About a year and a half ago we added a number of options to a local fork of logstash-forwarder, for high availability.
The two main things we needed at the time were:
Having a concept of "destinations". Each input would be tagged with a specific destination to send to. Multiple destinations (ie, multiple ELK clusters) could be configured as outputs, and each would take the log lines given to it and forward them to the right place.
Connecting to all listed output servers simultaneously, and sending lines to all of them at the same time. This way, if one server goes down, we don't block the entire pipeline trying to send logs to it. It also enables us to get much higher throughput. In this case, all logstash servers use roughly equal amounts of CPU. If one server gets too slow, it ends up getting less traffic until it recovers.
We're going to migrate to Filebeat soon, and would very much like to contribute these changes back upstream.
If anyone has thoughts on how these changes should look, specific things we'd need to address in order to get these accepted, etc, we'd love to hear them.
How was tagging done? Different tag per prospector?
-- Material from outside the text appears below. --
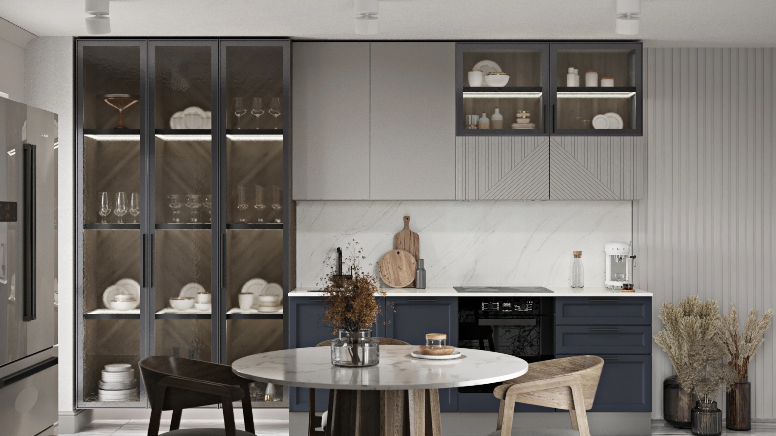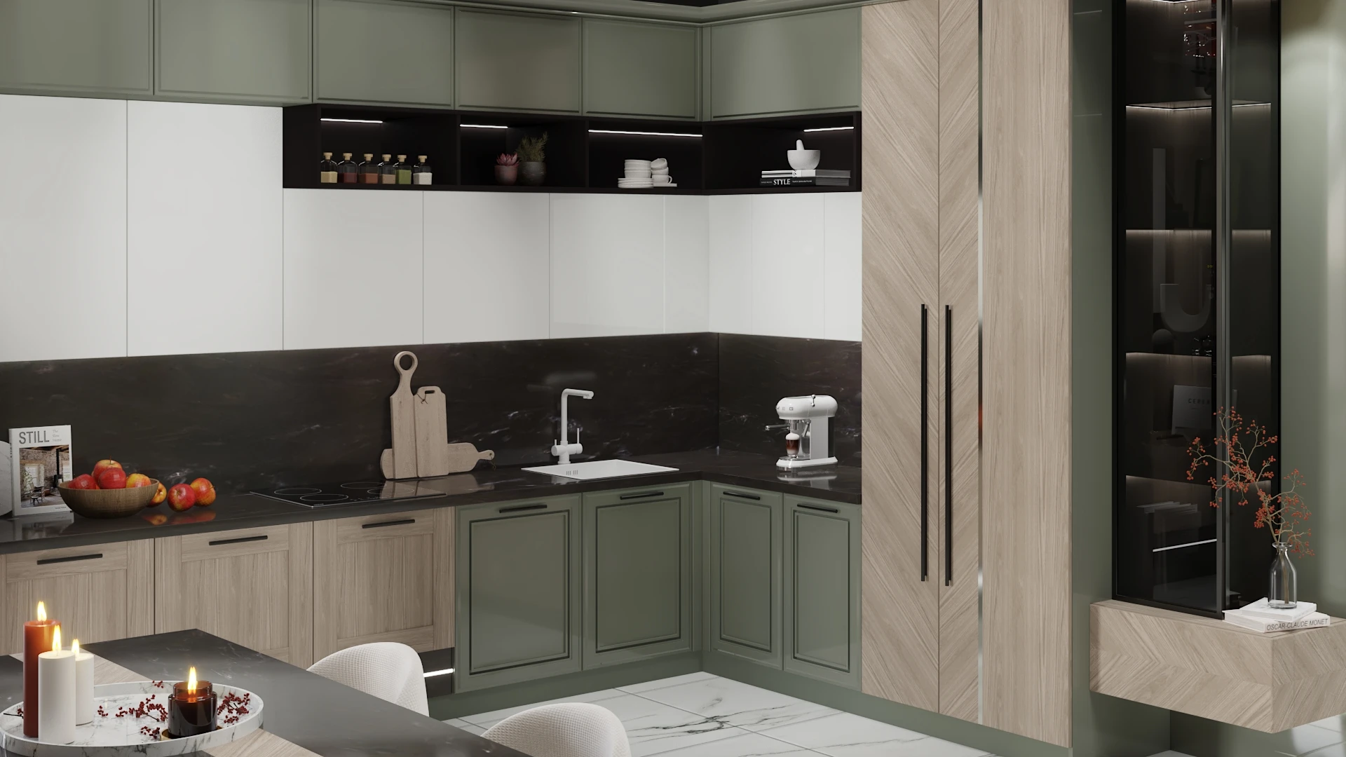 Эмалированные фасады легко комбинируются с другими материалами: столешницами из камня, стеновыми панелями, фурнитурой разных оттенков. Это даёт больше свободы в дизайне и позволяет делать кухни без привязки к одному стилю.

You have had multiple logstash endpoints per tag used for failover/replication?
You're basically asking for replication or a mix of loadbalancing + replication? e.g. forward to '3' logstash instance out of 12? Replication by random or based on grouping multiple logstash endpoints and forwarding message to one LS instance per group? Did you wait for all logstash instances to ACK or only a subset? When indexing into ES from multiple LS instances, how did you guarantee deduplicate (create document _id)?
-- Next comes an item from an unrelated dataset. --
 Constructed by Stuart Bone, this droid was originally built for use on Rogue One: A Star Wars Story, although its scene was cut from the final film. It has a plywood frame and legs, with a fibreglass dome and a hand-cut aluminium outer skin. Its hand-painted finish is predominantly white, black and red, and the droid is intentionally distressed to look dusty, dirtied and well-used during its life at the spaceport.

Filebeat already supports loadbalancing (connect to all hosts) and failover mode (connect to single host). In loadbalancing mode batches are forward to one logstash instance at a time (potentially in parallel, there is still room for improvement) and if logstash instance fails the batch will be forwarded to another logstash instance. In loadbalancing, if one instance is slower, it will get less work. There is definitely (loads of) room for improvements in beats, but it's worth discussing how these improvements should look like and about configurability. More complicated 'patterns' falling into the realm of event routing for example shall be handled by logstash (which tries to be more generic), not beats (tries to be much more narrow in scope).
The config listed multiple "destinations". Each of these is just a block of Logstash servers. When Lumberjack started, a channel was created for each destination. When each prospector started it would this destination tag to point new harvesters at the right output channels. We have different ELK clusters for different purposes (compliance, dev/debug data, production data, security, etc) and it was a convenient way to run a single instance of Lumberjack which forwarded to each of them based on the filename.
type type type... delete delete delete.. I looked up the documentation on mode.balance and LoadBalancerMode - this is exactly what we're doing right now, I think. Connecting to all listed Logstash servers, and using channels to balance sending to all of them concurrently. So that's awesome!
If there are improvements, I would be more than happy to discuss and work on them
this sounds like minimal event routing mostly similar to topic-based pubsub. It's kind of out of scope at the moment and the team will have to discuss if and how event routing shall be supported by libbeat.
Personally I've been thinking about adding output groups and make use of generic filtering to select events based on configured predicates. Granted it's more CPU intensive, as we don't hook up channels but rely on per event filtering, but also more flexible. For example use different (or additional) output for log messages having a CRITICAL log level. Reserving an extra output for CRITICAL + alerting ensures queues are not shared (queues for CRITICAL are hopefully most likely be empty), giving CRITICAL logs a chance to be processed faster for alerting in logstash.